Secret #7: They shop for a mortgage early.
Mortgage shopping should be done early in the search process, not after you’ve laid eyes on the home you absolutely must have.
For one thing, getting preapproved helps you know for sure how much house you can afford. And in a competitive housing market, you’ll generally need a letter of preapproval from your lender if you want to stand a chance in a multiple-offer situation.
Plus, shopping for a mortgage before you absolutely need one will give you time to find the very best rates. “Once you have a contract, you need to move quickly to get your mortgage, and you don’t have time to shop around,” said Lucido.
Embarking on mortgage shopping early also allows buyers time to thoroughly educate themselves about the various types of financial products available, noted Luke Babich, co-founder of the nationwide referral brokerage Clever Real Estate, and a licensed real estate agent in Missouri.
- Read more: How to Find the Best Mortgage Rates
Secret #8: They set aside enough time for house hunting.
The market moves fast, and buying a house isn’t like picking out a new coffeemaker on Amazon.
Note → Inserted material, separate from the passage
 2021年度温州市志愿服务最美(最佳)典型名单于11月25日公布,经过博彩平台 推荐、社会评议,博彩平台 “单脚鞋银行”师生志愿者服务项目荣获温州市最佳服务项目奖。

So if you’re serious about your search, Conway says, it’s a good idea to budget time every week or weekend to see homes. Schedule the time in advance with your real estate agent, she adds. “No last-minute frantic calls to try to squeeze showings in.”
Secret #9: They think long-term.
When searching for a home, think about where you might want to be in five, 10, or 20 years, and how this purchase might help get you there, says Bull.
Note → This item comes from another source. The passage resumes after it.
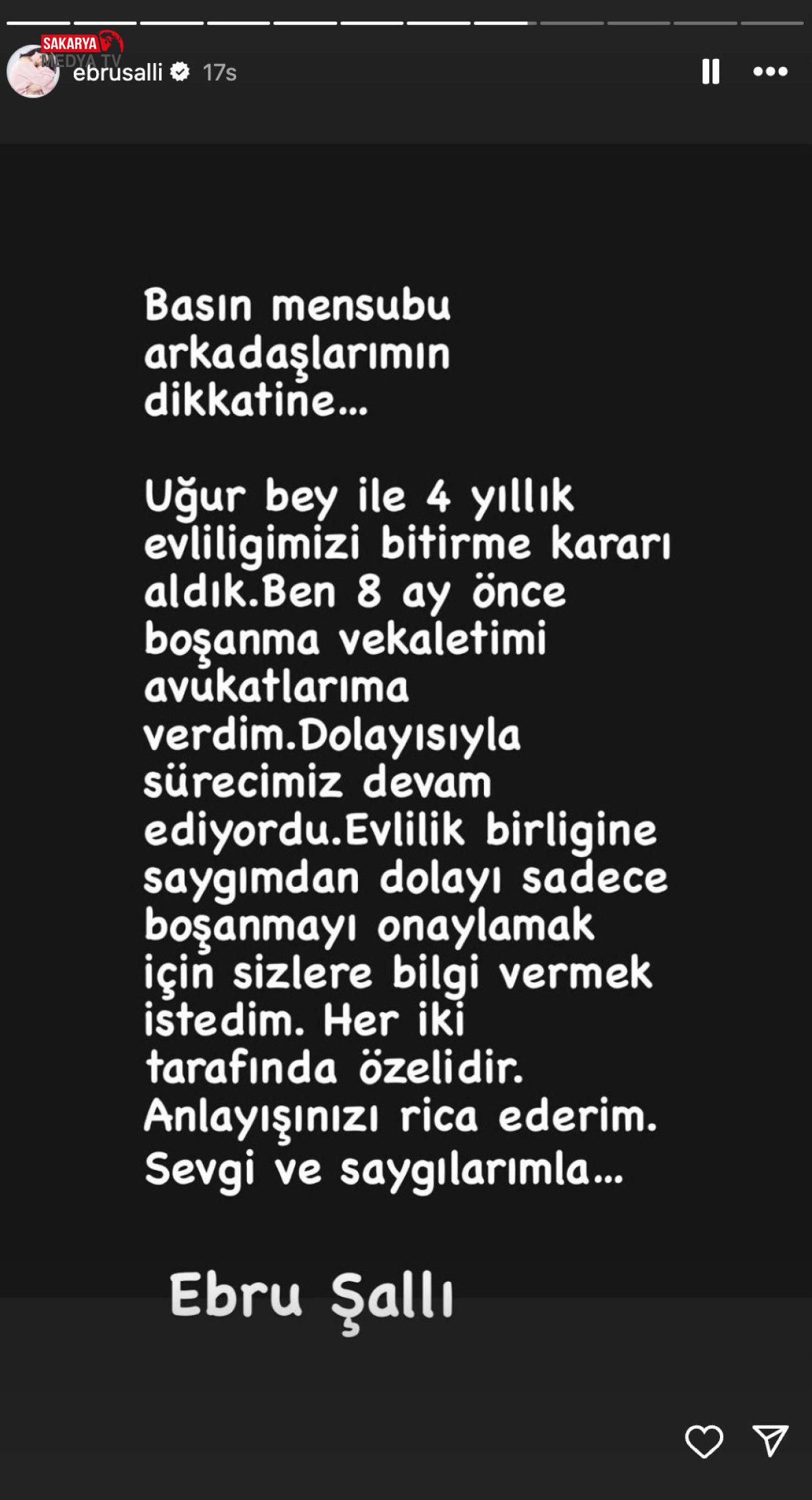Şallı “Uğur Bey ile 4 yıllık evliliğimizi bitirme kararı aldık. Ben 8 ay evvel boşanma vekaletimi avukatlarıma verdim.

“A great buy that’s not a long-term fit might be perfect for now and make a fantastic rental down the road or allow you to sell high and upgrade,” said Bull. “Having that vision helps buyers make informed decisions.”
The Bottom Line
This is by no means an exhaustive list. But nearly all the Realtors I spoke to agreed that there are indeed some fairly consistent habits among home buyers who are ultimately the most successful. And while having your finances in order is a tremendous help, being organized, informed, prepared, and engaged during a home search will also play a vital role in making your homebuying experience a good one.
“These habits are important because a real estate transaction can take all the time you have and can be at times stressful,” said Conway. “And by starting smart and making the right choices, you can eliminate or reduce those instances of fatigue, failure, or heartbreak, including missed dream homes, broken contracts, unethical Realtors, and not being ready to buy financially and emotionally.”